First up, is a mention of the boy's football team winning the under-12s League Cup after what could only be described as an amazing final. The boy's side took the lead shortly before the half-time whistle after a very tentative opening from both sides. The opposition equalised midway through the second period when the ref gave a very dodgy indirect free-kick in the boy's team's penalty area, deciding that what was really meant as a hoof anywhere on or off the pitch, but which the keeper got hold of, was really a pass back. A tap and one of their kids blasted an unstoppable shot into the net. That's how it finished at the full-time whistle, despite the boy's team having all the possession and missing a couple of clear-cut chances. So, into extra-time it goes and the boy's team (with the boy having been subbed by this time) still enjoying all the play, but failing to convert their chances, while the small number of opportunities that came the opposition's way were easily handled by the defence. Still, it remains at 1-1 at half-time in extra time and, with only 10 minutes to go, it looks like we're having penalties. The collective nerves of our fans are getting well frayed by this time. But, out they come for a last effort, with two or three of the better players now looking shattered and drained after running themselves ragged in the beautiful sunshine. But, wow, these boys are impressive. A huge breath from all and they totally overpower the other side, going all out for victory, passing the ball around excellently and motoring forward. They get another goal after some great team work and then a superb solo effort from one of the lads, ignoring four of his team-mates who are screaming for the ball but are actually all in an offside position, who takes on four of five before slotting home past the keeper. YES, go on ya beauty! These boys are seriously good and, if they could only play like this every week, then nothing could stop them.
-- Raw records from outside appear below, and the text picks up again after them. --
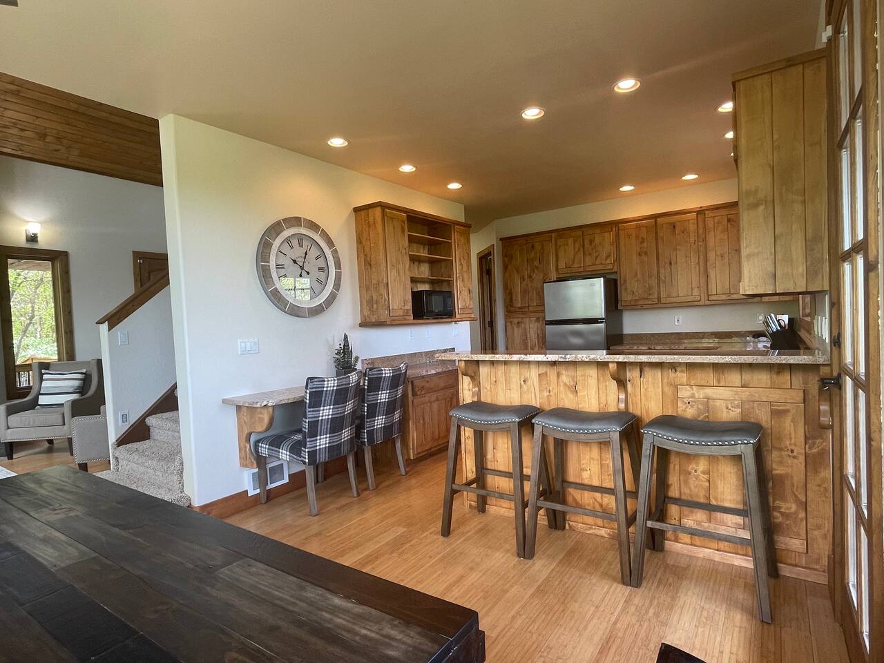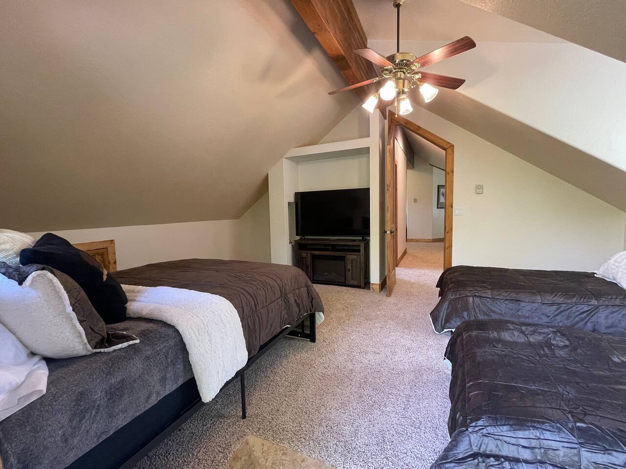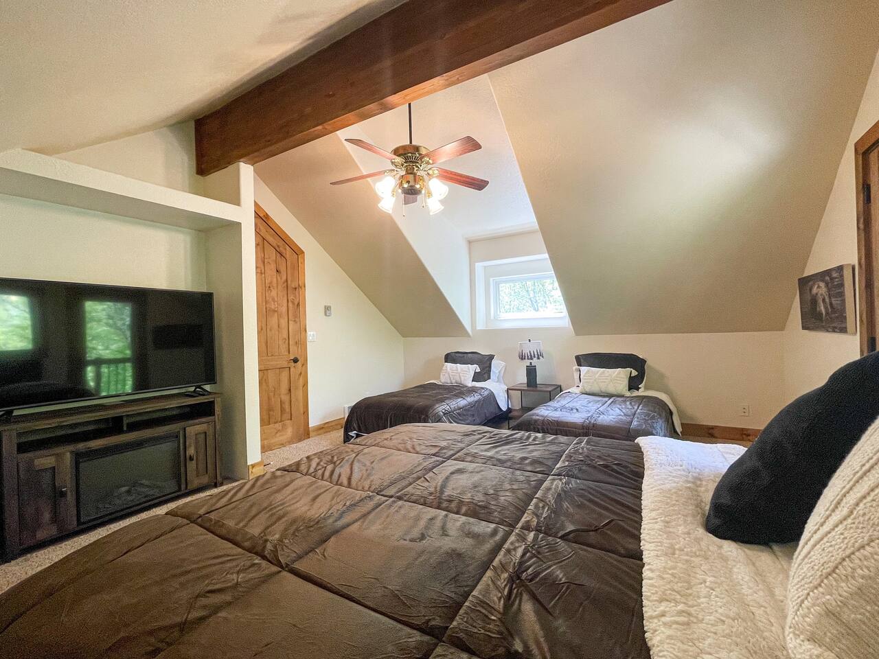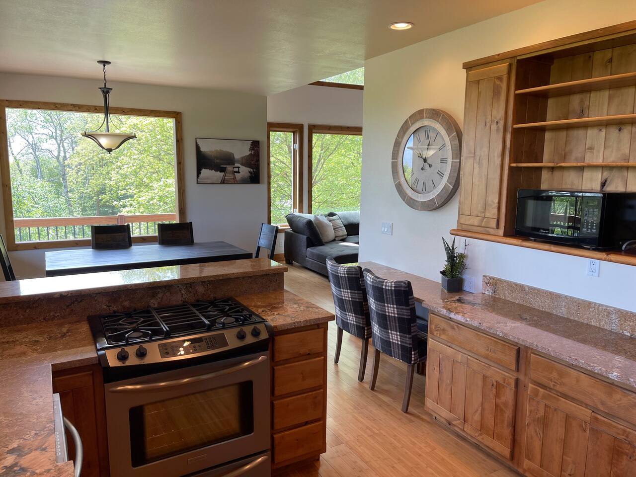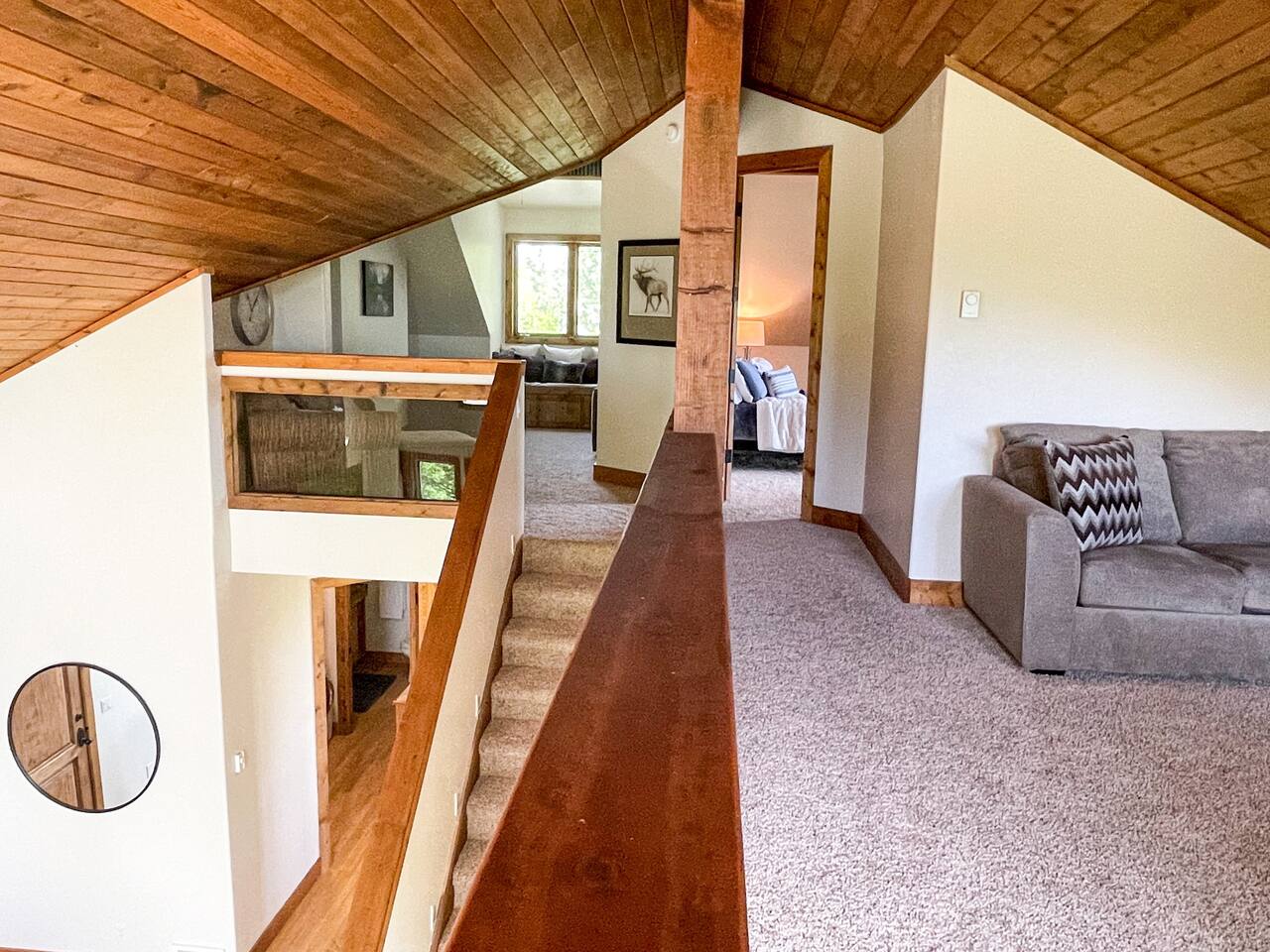 Layout: Main Level - Kitchen Dining Area Living Room with TV and fireplace Laundry Room Half Bath Primary Bedroom with King Bed - Patio access Full Bathroom with jetted tub/shower Upstairs- Bedroom with Queen Bed - Patio access Bedroom with Queen Bed & 2 Twin Beds - TV - Fireplace - Patio access Open loft area with sofa sleeper Second open loft area Downstairs- Living room with TV and large sectional Bedroom with Queen bed Bathroom with shower Second kitchen Walk out style basement to bottom patio ⭐️1 hour to West Yellowstone ⭐️ 1 hr 45 mins to Grand Teton
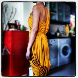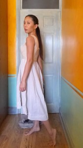My first attempt at fixing this was an unmitigated failure. I wanted to keep the dress as a pull-on with no closure. But the China Silk/Habutai I used didn’t have the flattering clinging power of the original knit bodice. The resulting silhouette was F-U-G-L-Y, especially in the back.
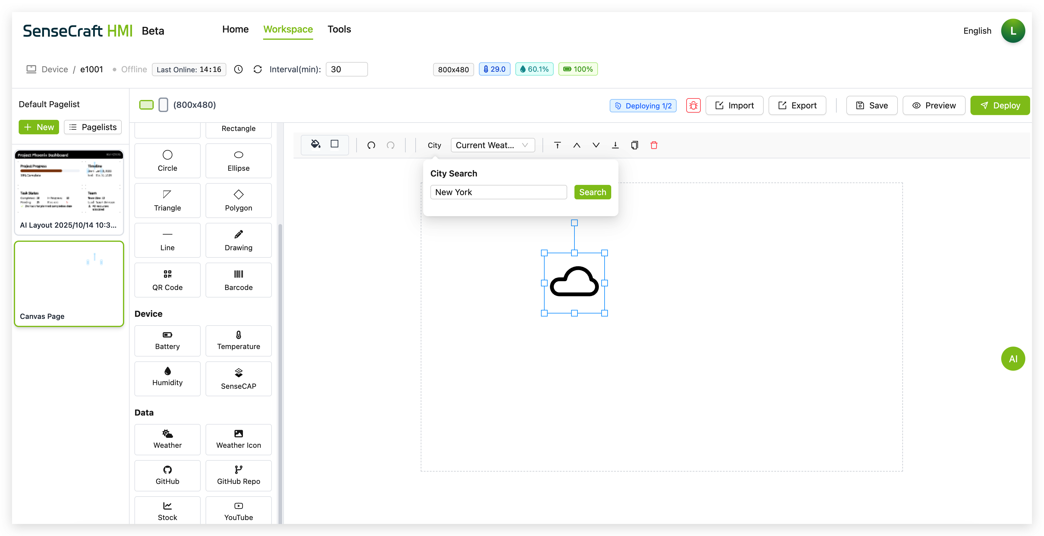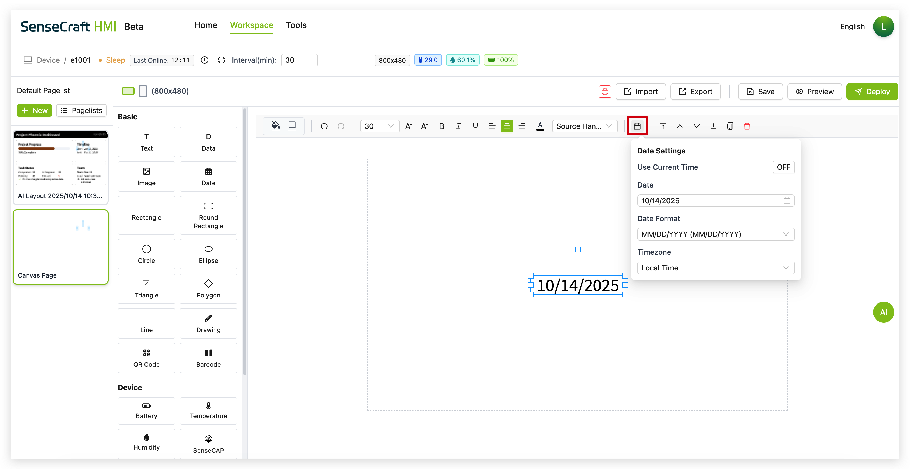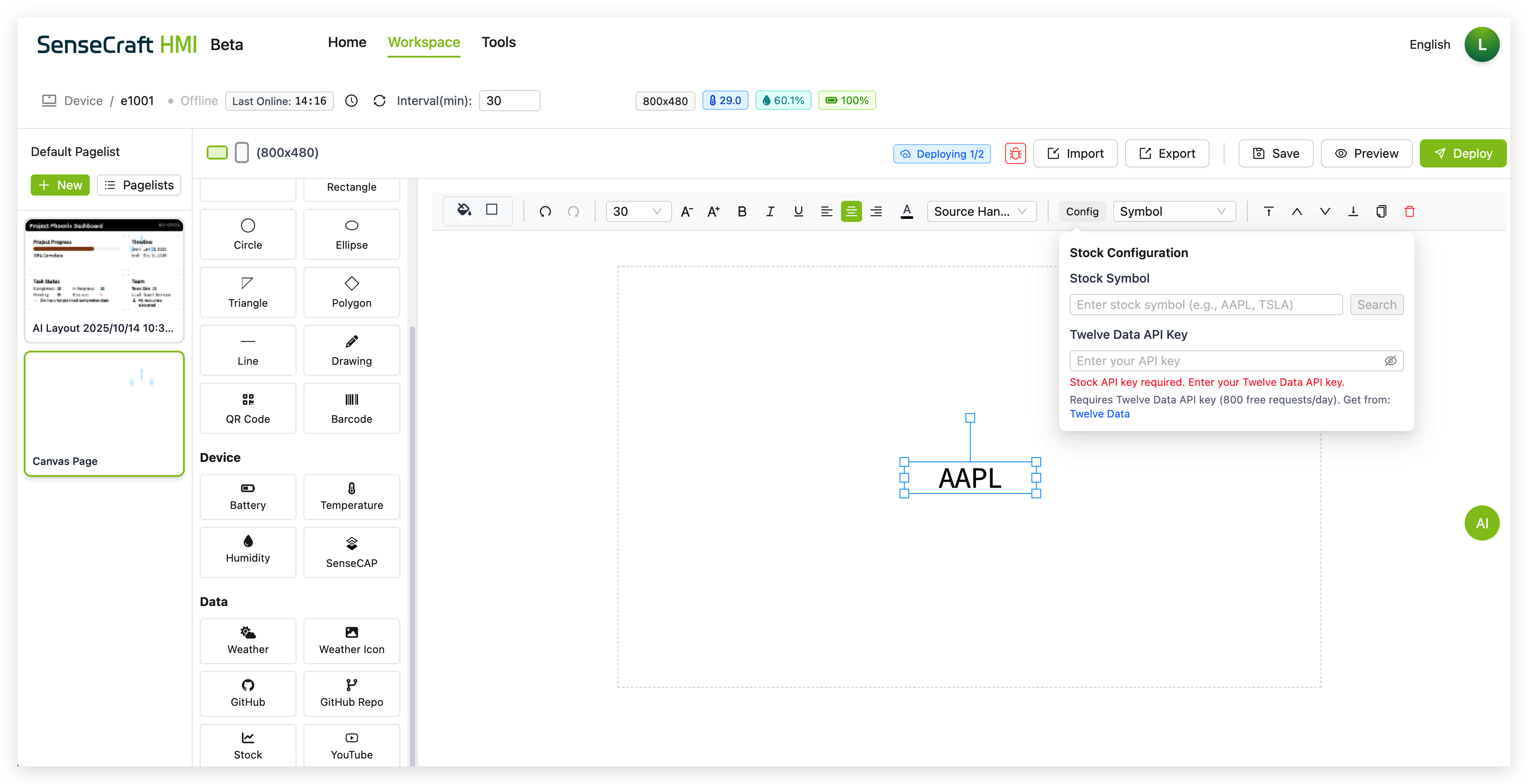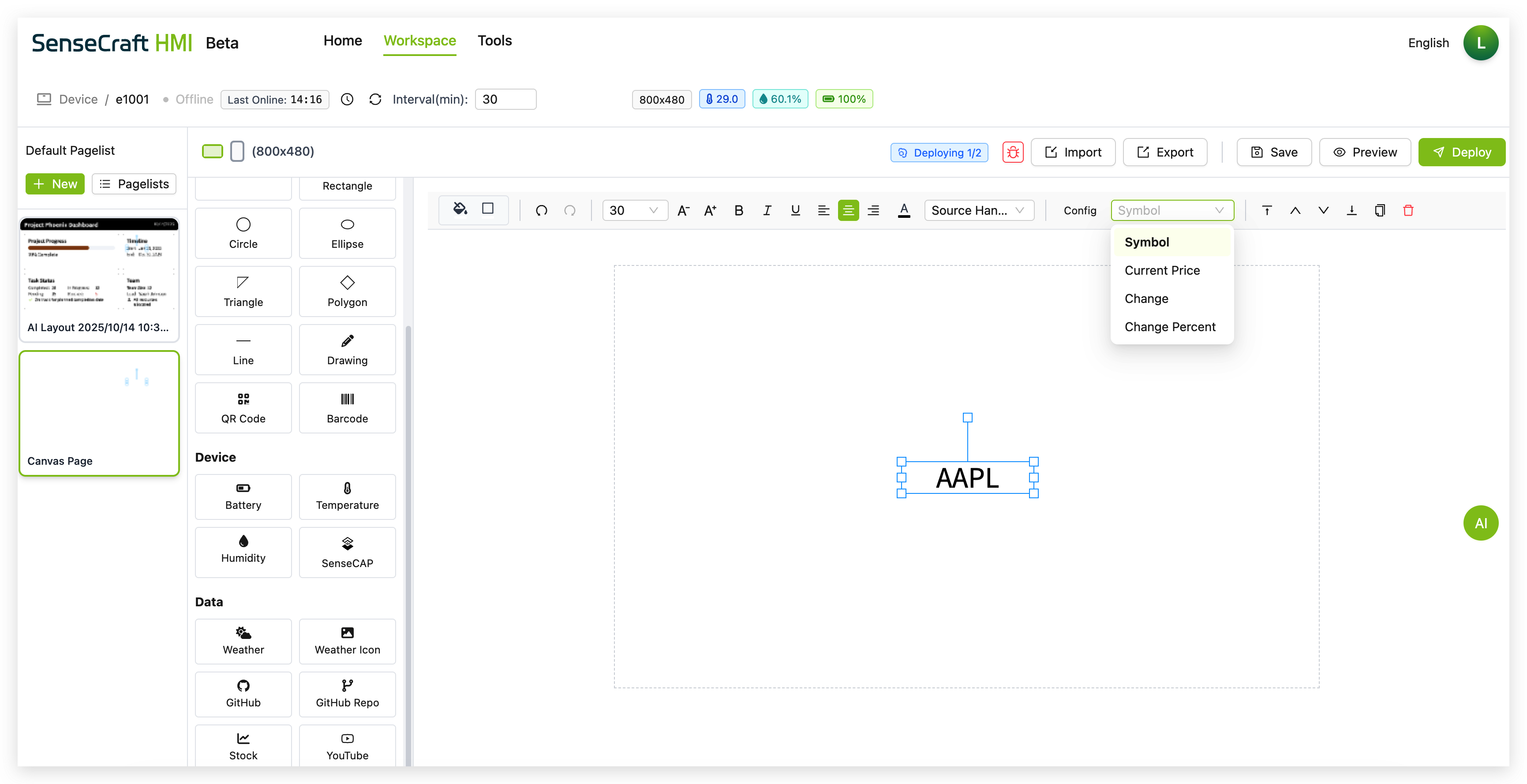 Section titled “Introduction”The UI Design function in SenseCraft HMI is the most powerful and flexible feature of the platform, allowing you to create custom interfaces, dashboards, and data visualizations. With Canvas, you can design beautiful displays that combine static elements with dynamic data from various sources, including device sensors, weather information, stock data, and more.
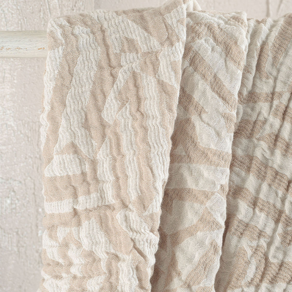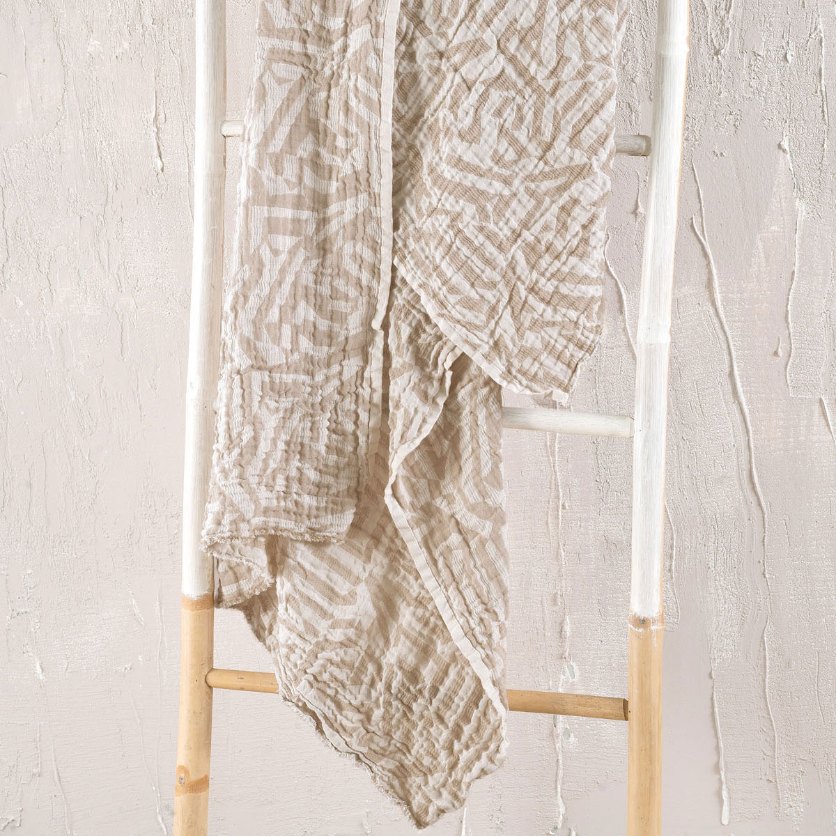 Πετσέτα θαλάσσης - παρεό σε μπεζ χρώμα, με εκρού λεπτομέρειες και μοντέρνο σχέδιο από την εταιρεία Rythmos. Είναι κατασκευασμένη από ζακάρ ύφασμα σύνθεσης 100% βαμβάκι που τη καθιστά ιδιαίτερα ανάλαφρη. Είτε τυλιχτείτε είτε τη στρώσετε στην ξαπλώστρα σας, θα σας είναι απαραίτητη στις διακοπές σας και θα τραβήξει όλα τα βλέμματα πάνω σας.
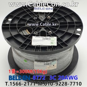 벨덴케이블 BELDEN 8772, 300m, 3C 20AWG, CM, UL 2093, UL1685 UL Loading, FT1, IEC 60332-1-2, CPR Eca
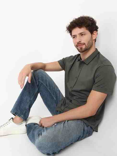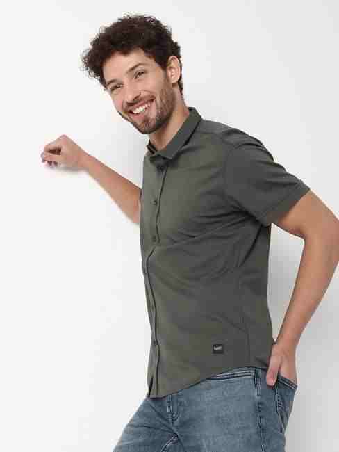 Slim Fit Half Sleeve Solid Scuba Shirts

So they take care of second top of the league for the cup game only to come up against top of the league team in a shield competition seven days later. They play even better than they did in the cup and win 3-1 in a style of play which reminded me of Ajax and Holland and total football in the early '70s (well, I may exaggerate here, but I'm sure you can all understand how chuffed us parents can get on such occasions!).

In between these games of football is a trip to home town to see family, for boy to say hello to his little cousins and for me to pay visit to tnr and thewife to drink them out of house and home - wow, that Havana Club to round the night off was pretty special!

So, it was back to work on Monday morning and my first trip to the gym for around three weeks at lunchtime today.

I've just noticed, by the way, that Blogger isn't allowing me to put links on here or do anything other than put plain text in my post - has something happened recently that I should know about?


*Richmond Fontaine - a great product of Portland, Oregon, who have a new album coming out in the next few weeks.